Window cleaner in quest to confirm priceless Shakespeare portrait
16 points
1 year ago
| 4 comments
| bbc.com
| HN
bazoom42
1 year ago
[-]
The article does not make it clear why they think the portrait depicts Shakespeare. I guess you have to watch the tv show for that information?

It talks about comparison to other portraits of Shakespeare, but as far as I know there are no depictions of Shakespeare confirmed to have been made in his lifetime.

reply
lawlorino
1 year ago
[-]
Agreed it's not clear from the article, but I think the reason is the similarity to an engraving called the Droeshout portrait [0]

> It is one of only two works of art definitively identifiable as a depiction of the poet

> ... commentators have used the Droeshout print as a standard by which to judge other portraits alleged to depict Shakespeare.

[0] https://en.wikipedia.org/wiki/Droeshout_portrait

reply
milesrout
1 year ago
[-]
Yeah that was my thought exactly. It certainly looks like a lot of other so-called depictions of Shakespeare, which are all based on images we know are not images of him but of other people.
reply
djur
1 year ago
[-]
The Droeshout engraving and the Stratford monument don't fit that description, and they were accepted by Shakespeare's contemporaries.
reply
metalman
1 year ago
[-]
a starting place to help in determining any and all of these sorts of paintings, would be a complete catelog of evererything in existence related including tools, note books,church records,genetic evidence,clothing, all of it. And have at it, a grand and worthy quest, and as has happened many times, the tinyest details can make or break a theory, and it is the fleshing out of those minutia that brings the past back to life, and that imediatecy is what facinates people And to think of the lovely absurdity of this bloke, growing up, with the bard,himeself, looming just there by the telly.,.
reply
geuis
1 year ago
[-]
I've never been a fan of classic portraits of people, but by way of watching a lot of Baumgartner restoration videos it's become an interest.

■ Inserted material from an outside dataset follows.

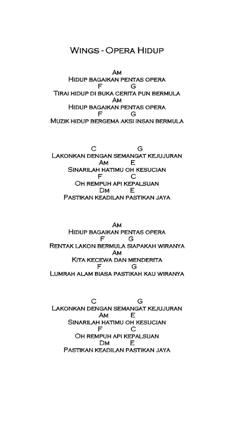 Wings Opera Hidup Chord Gitar Kord Melayu Malay Guitar Chords Archive

A lot apparently goes into establishing the authenticity of portraits. As a conservator, he does a lot of work in the background that isn't always conveyed in the videos.

Sometimes the outcome of his restoration efforts is to communicate to the client that the painting is either a copy, or may have history but the subject isn't who they thought it was.

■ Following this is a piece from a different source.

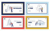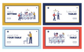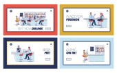 Panika podczas koronawirusu. Strona internetowa Landing Page. Przerażeni ludzie kupują dużo jedzenia, walczą z powodu niedoboru żywności w supermarkecie. Strona internetowa Cartoon Linear Outline płaski wektor ilustracje zestaw

No actual comment on this particular story, but the little bit I've learned of the art community is that they put a huge amount of effort into confirming provenance. The history of the painting.

So if a lot of experts in the field are raising doubts, it's probably worth examining their statements.

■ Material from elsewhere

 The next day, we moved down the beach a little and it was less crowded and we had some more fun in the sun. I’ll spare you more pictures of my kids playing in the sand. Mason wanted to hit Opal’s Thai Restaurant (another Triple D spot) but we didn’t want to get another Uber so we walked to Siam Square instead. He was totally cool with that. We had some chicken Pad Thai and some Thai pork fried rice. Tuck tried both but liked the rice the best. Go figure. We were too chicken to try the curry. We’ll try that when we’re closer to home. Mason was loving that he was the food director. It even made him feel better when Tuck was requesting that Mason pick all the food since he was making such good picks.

Like archaeologists, most want to make a major find. It's career making. But that also requires being highly sceptical of new claims.

reply
throwaway48476
1 year ago
[-]
>Baumgartner restoration

Other conservators are less than complimentary of him and he deleted the PVA video along with a bunch of others.

reply
wrasee
1 year ago
[-]
Title: Window cleaner in quest to confirm priceless Shakespeare portrait

Later in article:

> if it were proven to be the prolific playwright, it could be worth "anywhere from £100m to £200m".

Well done BBC. I still remember when you were different.

reply
rafram
1 year ago
[-]
Oh, come on. “Priceless” is never not hyperbole. Everything has a price. But for an average person, 100 million pounds is an unimaginable amount of money. Any object worth that much is essentially priceless.
reply
wrasee
1 year ago
[-]
I considered that before posting, and I disagree.

The Crown Jewels are genuinely priceless. Yes, “priceless” is common hyperbole, but the BBC claim to integrity and quality reporting just made me think that they might consider a more accurate title.

We’ve come so far in normalising casual mis-reporting that this argument even needs to be backed up.

reply
Xylakant
1 year ago
[-]
I don’t think this portrait is any more or less priceless than the Crown Jewels. After all, the Crown Jewels are only a bunch of precious materials that an artist put together and have been associated with importance and uniqueness by (western) human history. Shakespeare is widely regarded as among the important artists in western history, so a genuine historic images would be important to many.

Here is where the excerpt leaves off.